The commencement of this holiday also seems to always bring up the talk of ghosts.
People go to haunted houses and cemeteries to try and scare themselves and others on the basis of ghosts. In fact, the percentage of Americans that have said that they believe in ghosts doubled from 1996 to 2009.
But it is time to come to terms with these nonsensical superstitions. It may be a topic that has been argued for centuries, but the simple fact of the matter is ghosts and supernatural beings are not real.

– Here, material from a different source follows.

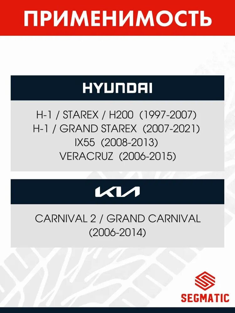 | Модель автомобиля | Audi A3, Audi Q7, BMW 3 series, BMW 5 series, BMW 7 series, BMW X3, Changan CS35, Changan Eado, Chery Tiggo 4, Chery Tiggo 7 Pro, Chery Tiggo 8 Pro Max, Chevrolet Aveo, Chevrolet Captiva, Chevrolet Cobalt, Chevrolet Cruze, Chevrolet Epica, Chevrolet Lacetti, Chevrolet Lanos, Chevrolet Orlando, Chevrolet Spark, Citroen Berlingo, Citroen Jumper, Daewoo Gentra, Daewoo Matiz, Daewoo Nexia, EXEED LX, EXEED TXL, Fiat Ducato, Ford EcoSport, Ford Focus, Ford Kuga, Ford Mondeo, Ford Tourneo Connect, Ford Transit, Geely Coolray, Haval Dargo, Haval F7, Haval Jolion, Honda Accord, Honda Civic, Honda Jazz, Honda Odyssey, Honda Stream, Hyundai Accent, Hyundai Creta, Hyundai Elantra, Hyundai Genesis, Hyundai Getz, Hyundai Grand Starex, Hyundai H1, Hyundai Porter, Hyundai Santa Fe, Hyundai Solaris, Hyundai Sonata, Hyundai Starex, Hyundai Tucson, Hyundai Veracruz, Hyundai ix35, Kaiyi E5, Kia Carens, Kia Carnival, Kia Ceed, Kia Cerato, Kia K5, Kia Optima, Kia Rio, Kia Seltos, Kia Shuma, Kia Sorento, Kia Sorento Prime, Kia Soul, Kia Spectra, Kia Sportage, LADA Largus, LADA Vesta, LADA X-RAY, Land Rover Freelander, Land Rover Range Rover, Land Rover Range Rover Evoque, Land Rover Range Rover Sport, Lexus RX, Lifan Solano, Mazda 3, Mazda 6, Mazda CX-5, Mercedes-Benz A-class, Mercedes-Benz C-class, Mercedes-Benz E-class, Mercedes-Benz M-class, Mercedes-Benz Sprinter, Mercedes-Benz Viano, Mercedes-Benz Vito, Mitsubishi ASX, Mitsubishi L200, Mitsubishi Lancer, Mitsubishi Outlander, Mitsubishi Pajero, Mitsubishi Pajero Sport, Nissan Almera, Nissan Juke, Nissan Leaf, Nissan Micra, Nissan Murano, Nissan Note, Nissan Pathfinder, Nissan Patrol, Nissan Primastar, Nissan Primera, Nissan Qashqai, Nissan Qashqai+2, Nissan Teana, Nissan Terrano, Nissan Tiida, Nissan X-Trail, OMODA C5, Opel Antara, Opel Astra, Opel Astra H, Opel Corsa, Opel Mokka, Opel Vectra, Opel Vivaro, Opel Zafira, Peugeot 308, Peugeot Boxer, Peugeot Partner, Ravon R2, Renault Arkana, Renault Duster, Renault Kadjar, Renault Kaptur, Renault Logan, Renault Sandero, Renault Trafic, Seat Leon, Skoda Fabia, Skoda Kodiaq, Skoda Octavia, Skoda Rapid, Skoda Roomster, Skoda Superb, Skoda Yeti, SsangYong Actyon, SsangYong Korando, SsangYong Kyron, SsangYong Rexton, Subaru Forester, Subaru Impreza, Subaru Legacy, Subaru Outback, Subaru XV, Suzuki SX4, Suzuki Swift, Toyota Alphard, Toyota Auris, Toyota Avensis, Toyota Camry, Toyota Corolla, Toyota Corolla Verso, Toyota Crown, Toyota Highlander, Toyota Land Cruiser, Toyota Land Cruiser Prado, Toyota Noah, Toyota Prius, Toyota RAV4, Toyota Yaris, Volkswagen Golf, Volkswagen Jetta, Volkswagen Multivan, Volkswagen Passat, Volkswagen Polo, Volkswagen Tiguan, Volkswagen Touareg, Volkswagen Transporter |

Philosophers have huddled around the concept of dualism, the belief of the separation of the mind and the body. This introduces the idea the soul is separate and different from the body in which it resides. This is the first step to arguing for the existence of ghosts, for when the body dies, the soul is left over to roam the earth.
However, this argument fails.
First, we must identify that we cannot accurately suppose or prove the existence of something without seeing it. Many people have claimed to experience some supposed “ghost sightings” in which they see the shape of a person that they once knew or recognize but is now dead.
However, if we recognize our soul is separate from our body, and if we suppose the soul is left over and roaming the earth unaccompanied by its physical body, then it would not have the form of a body as accounts of ghost sighting claim.
Along with this idea, we have to recognize that even if ghost sightings are credible, then there should be many more of them.
The Population Reference Bureau has estimated that roughly 108 billion people have lived on earth, and only seven billion are living now.
Logic dictates that ghost sightings would be widely more popular considering the number of people that have died in comparison to the number of people living now.
Finally, there is precedent for an argument from ghost efficacy.
To do this we start with the separation of the mind and body: our physical body never makes decisions outside of slight reactions caused by our nervous systems. Therefore, it is of conscious decision-making that we obtain revenge on wrongdoers.
It is in our nature to be vengeful, and only convention tends to stop us. People refrain from harming those who wrong them because of legal or conventional restraints.
However, once those restraints are removed—once a person has died—nothing would prevent these actions.
If ghosts were real, and if people claim ghosts were able to communicate with living people, then nothing would prevent murder victims from taking vengeful actions on those who wronged them or obtaining justice. They would be able to communicate with those who could imprison their murderers if the person was unknown.
This would be an admirable quality of being a ghost, however, it does not happen. If ghosts were real, they would be limitlessly more autonomous.
It's finally time to put to rest the silly illusion that ghosts are real.
We can still have fun this Halloween without the fear of ghosts paying us a visit during the night.